Sean Trott edited this page May 3, 2016 · 50 revisions

(Language-side modules)

This documentation is intended to describe the function and implementation of the four primary language-side modules of the NLU system. As mentioned in the system overview, each of these "core" modules can be extended for a given domain, to fulfill any new tasks or requirements for an application. Hopefully, the language-side modules will not require too many changes; we foresee the primary deltas being new n-tuple templates for the Specializer, as well as new vocabulary and ontology items for the ECG Grammar.

Core UI-Agent

The Core UI-Agent (file) modulates input/output interactions with the user. The UI-Agent receives text/speech as input, and produces an n-tuple as output, which it sends to a Problem Solver. Like the Core Problem Solver, the UI-Agent subclasses the Core-Agent module (file), declaring a channel name and subscribing to the "ProblemSolver" channel. This is how a line of communication is established between the language and action sides of the system.
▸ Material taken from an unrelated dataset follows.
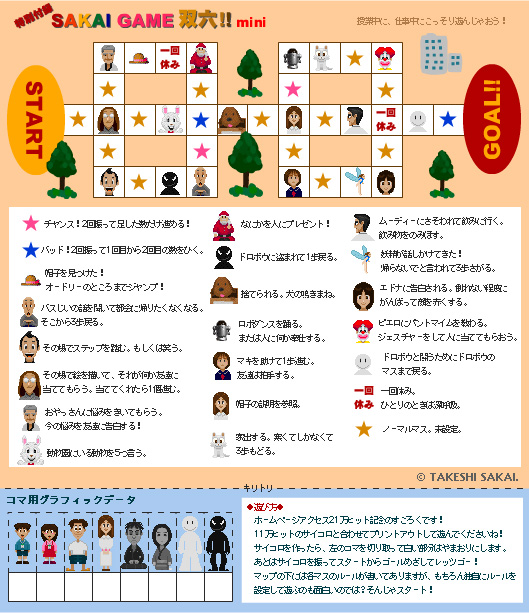 | 21万アクセス記念作品「双六」 (2002年2月7日) 11万のときにスゴロクのサイコロを作ったので、このときにはボードを用意。 |
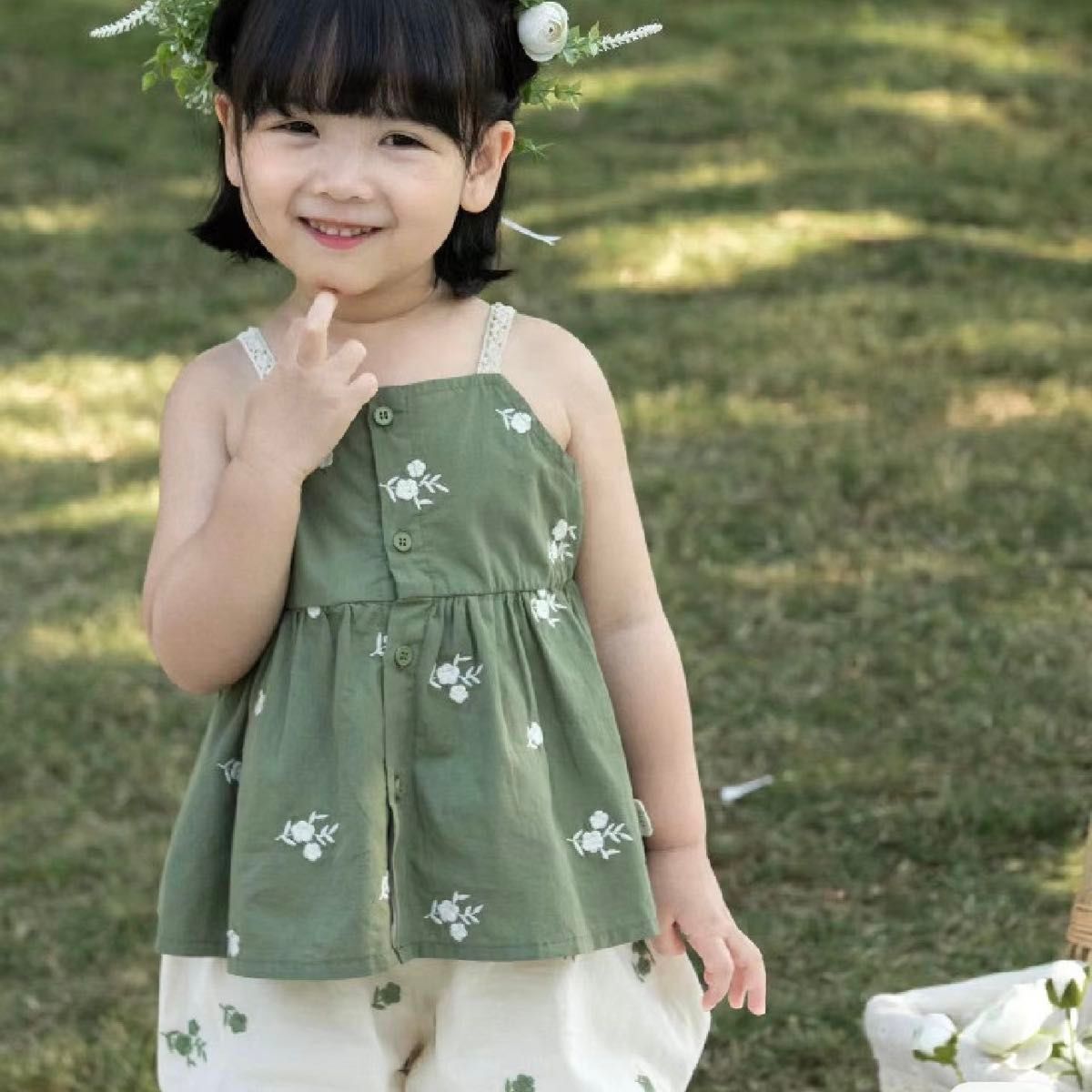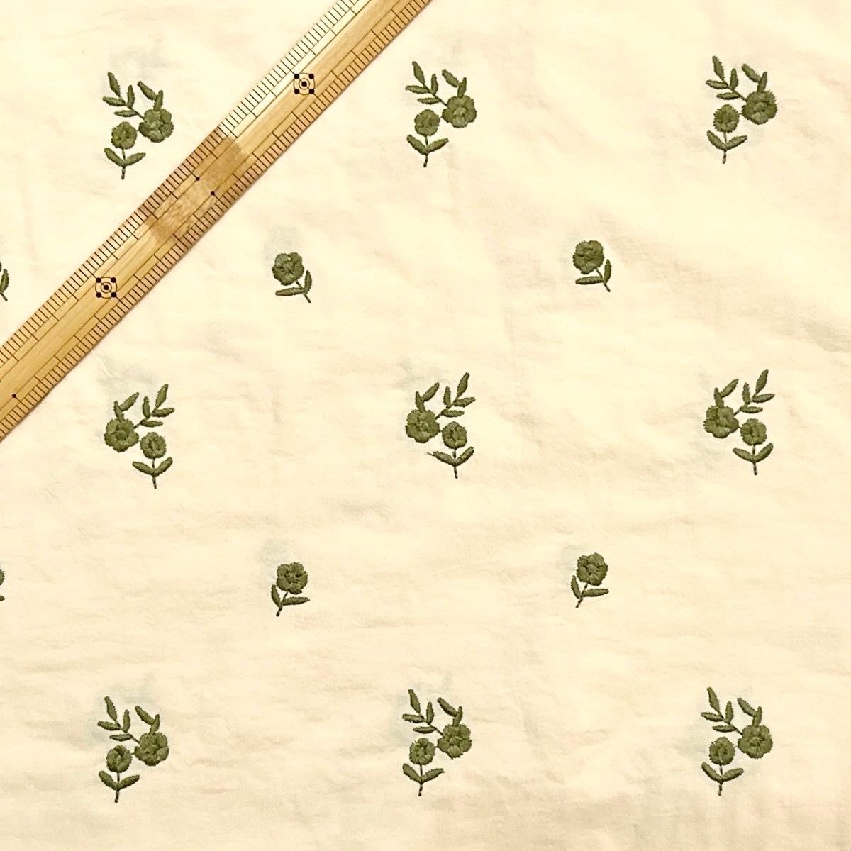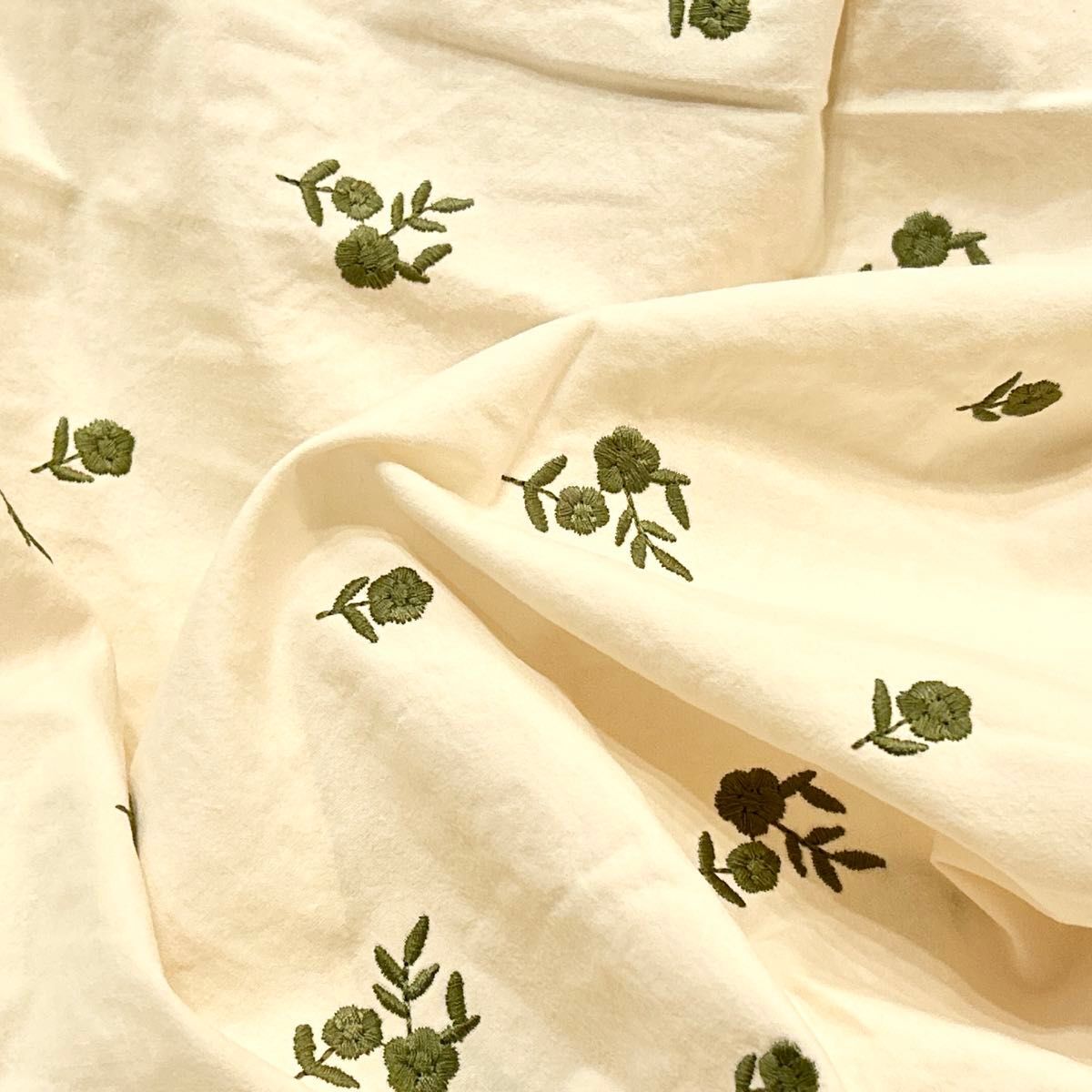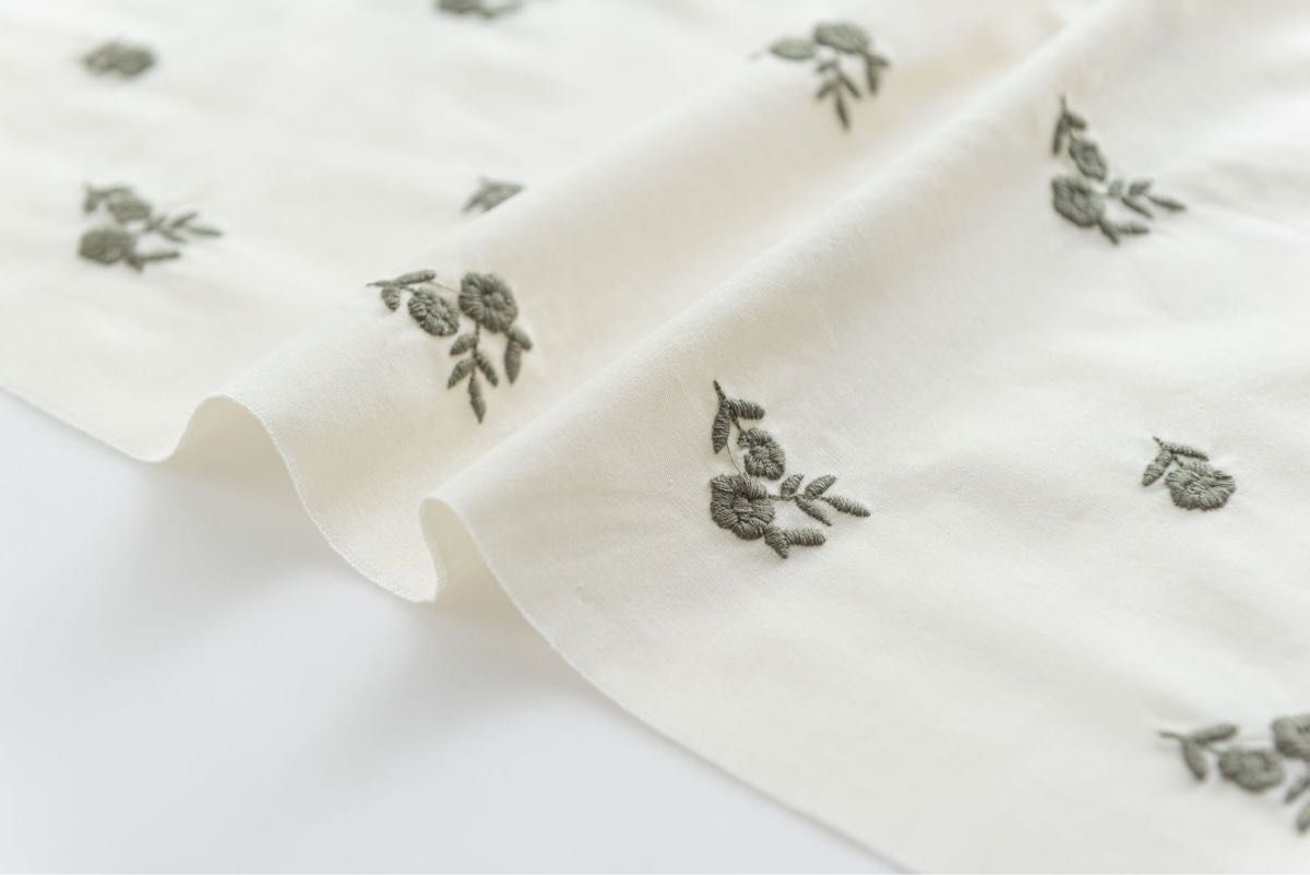 小花柄の刺繍が施されている コットンリネン生地です☆

Internally, the process of producing an n-tuple from text input consists of several steps:

  1. First, the text is input to the ECG Analyzer. In the current implementation, this runs via Jython on a local server, and the UI-Agent connects to it through a proxy Analyzer.
  2. The ECG Analyzer uses an ECG Grammar to parse the text input, and outputs a syntactic and semantic analysis (SemSpec).
  3. The UI-Agent then feeds the SemSpec to the Core Specializer, which uses n-tuple templates to determine which information from the SemSpec is relevant for a given application domain.

Relevant Methods

output_stream(self, tag, message)

Importantly, the Core UI-Agent interacts with the user with the output_stream method. By default, this simply prints the MESSAGE to the Terminal/Bash window, prefaced by the TAG (e.g. "UI-AGENT"), but system integrators could easily subclass the UI-Agent and define a new mode of user interaction, such as speech or even a GUI.

prompt(self)

This begins a loop wherein the UI-Agent continually prompts the user for input. This includes "control" input, like 'd' (for debug mode, which prints out n-tuples using the output_stream method), and 'q' (which quits the system), but also normal language input, like "John ran into the room", or "Robot1, push the blue box 3 inches north!"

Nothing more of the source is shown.